HOJE EU ODEIO SÃO PAULO
Visitar Londrina é melhor que ir à praia. Voltar a São Paulo...
Em Londrina tudo ainda está lá, do jeito que ficou e como deveria estar. O Bar do Jota, o Igapó, a lua grande, imensa e apetitosa como rosquinha que saiu do forno. A casa da vó, o colo da namorada. Em São Paulo, um bom-dia de céu cinzento, bruto, ardido até a alma. Dias assim eu odeio São Paulo.
Odeio o teto escuro às 10h da manhã, odeio o trânsito louco, sem sentido e buzinado. Odeio essa burrice umbiguista de quem, de tanto ter tudo, não sabe onde fica nada além de Praia Grande ou depois do ABC. Odeio odeio odeio.
Odeio como quem desgosta de xarope amargo, dor-de-dente e ônibus perdido. Odeio pesado, desses que carolas dizem “Deus me livre”.
Deixar Londrina causa estranheza à Cidade Grande – e Cinza, que parece ainda mais sombria e solitária. Deixar Londrina parece demência demorar 1h15 pra ir trabalhar, mais 1h30 pra voltar. Deixar Londrina faz odiar São Paulo e todas suas esquinas de calabresa, marguerita, mussarela e aliche.
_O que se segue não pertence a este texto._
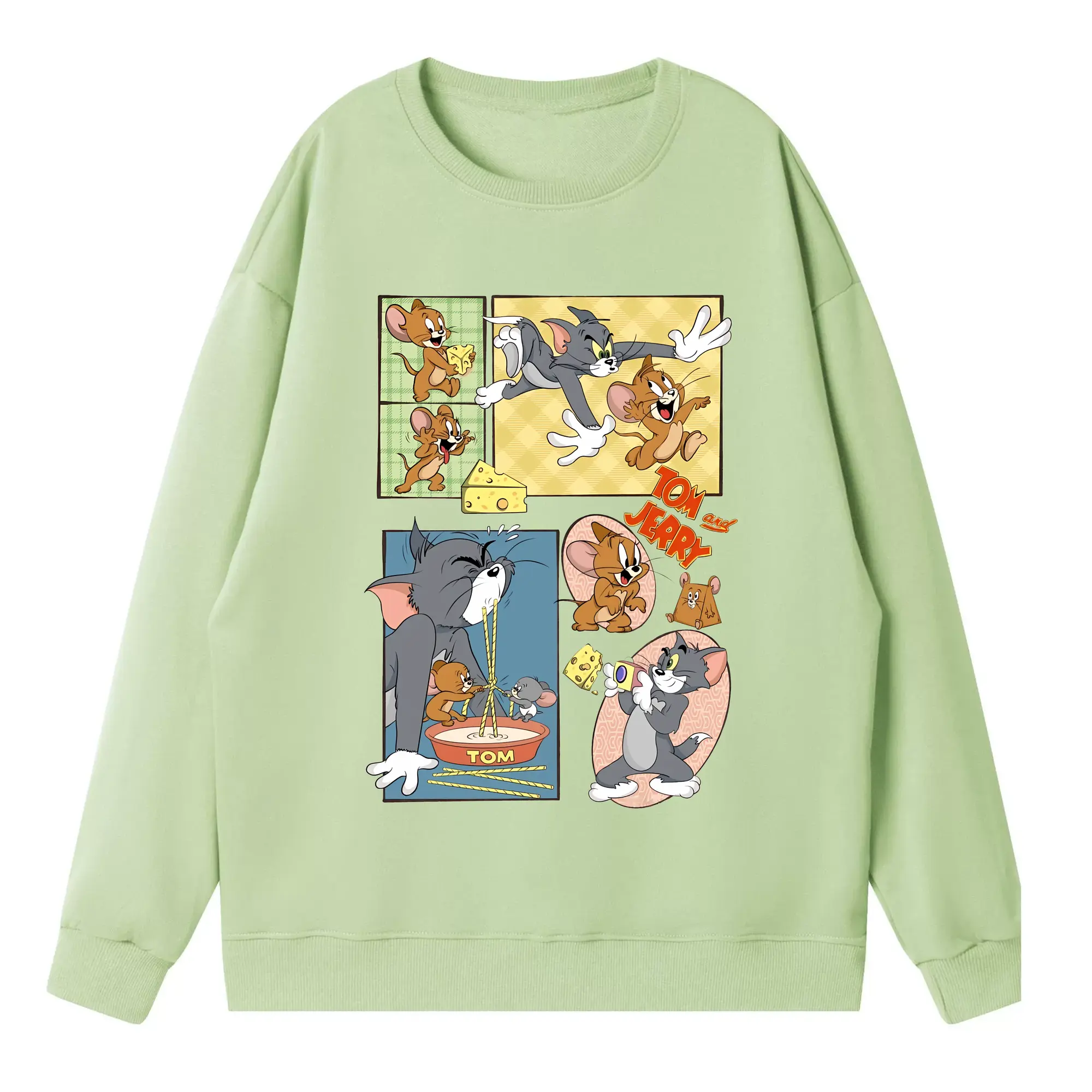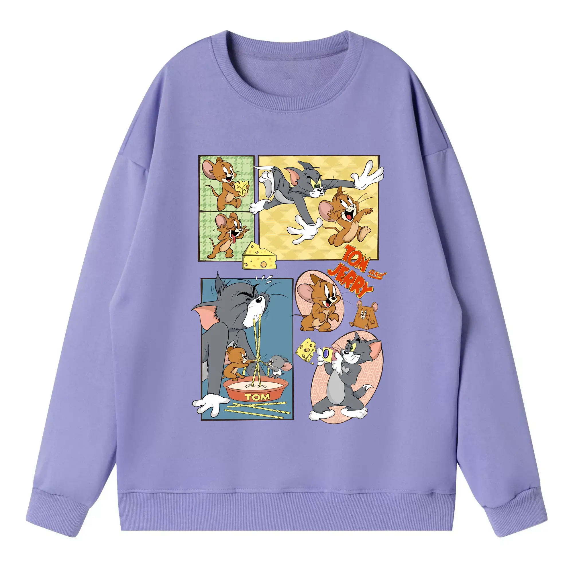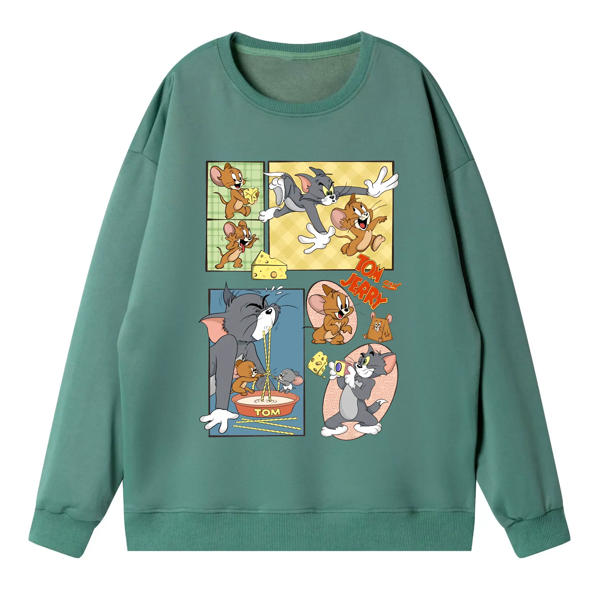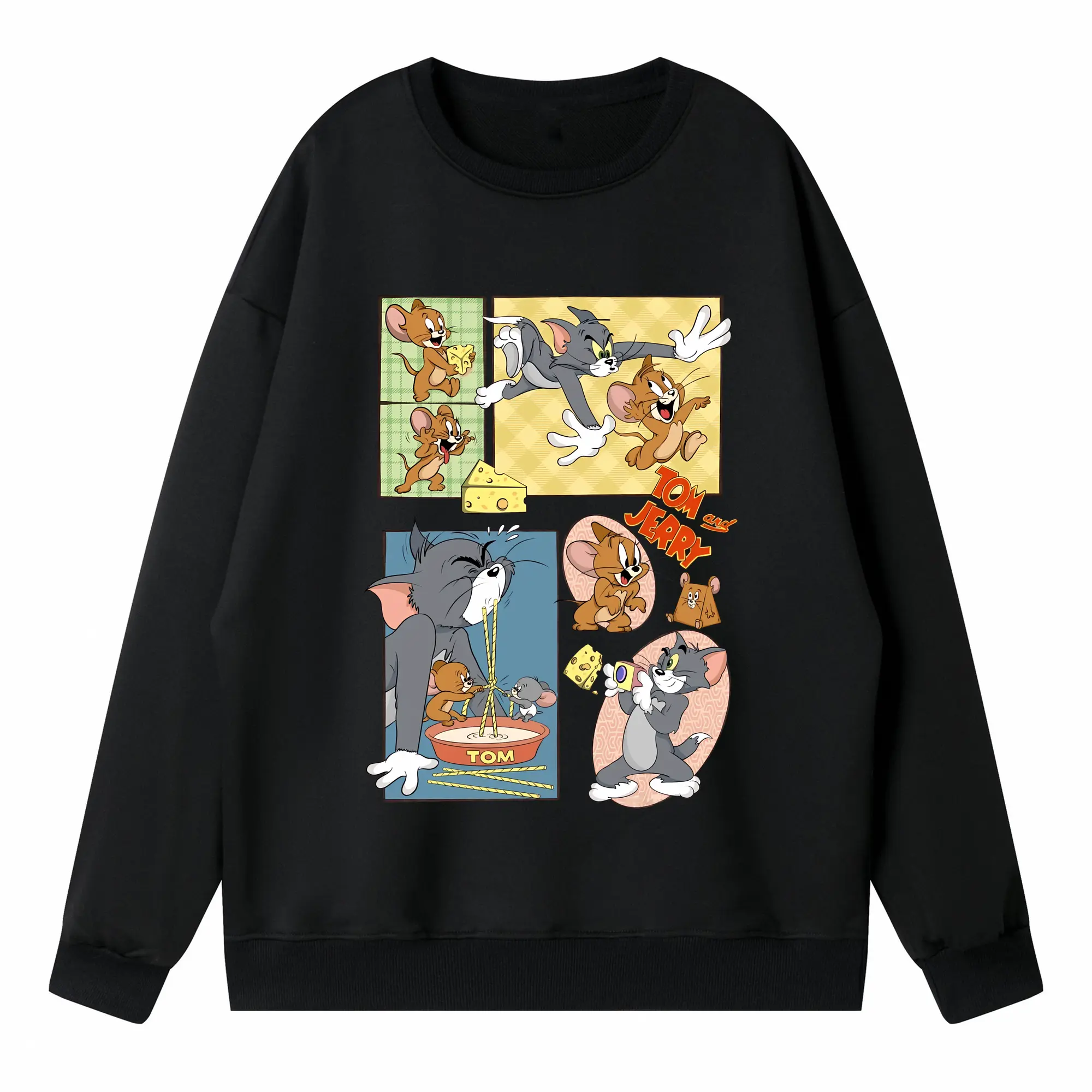 トムとジェリー グッズ トム - 高品質 クルーネック スウェット ・ コットン59% ポリエステル41% ・ ユニセックス 長袖 トレーナー ・ カジュアル デイリー スポーツ 散歩用

São Paulo amanhece triste, passa o dia correndo e deita sozinha. São Paulo cospe na rua, não pede licença e empurra o tempo todo. São Paulo fede, é feia e escuta pagode o dia inteiro. Não conhece o lado de lá e diz isso com orgulho, porque o lado de lá existe em São Paulo – ou, pelo menos, um restaurante.
São Paulo olha por cima e arrota ser grande, mas tem medo de andar de trem. Não dorme, mas tranca tudo à noite (de dia também). São Paulo tem medo de gente, de escuro e de chuva.
Londrina chove bonito, anda a pé e vai-se perto. Londrina é quente, abraça e conhece o visitante.
Mas não tem emprego. E a Mari vai embora.
Acho que é isso, mas hoje eu odeio São Paulo.
2 comentários:
eu tb! ;)
eu tb! ;)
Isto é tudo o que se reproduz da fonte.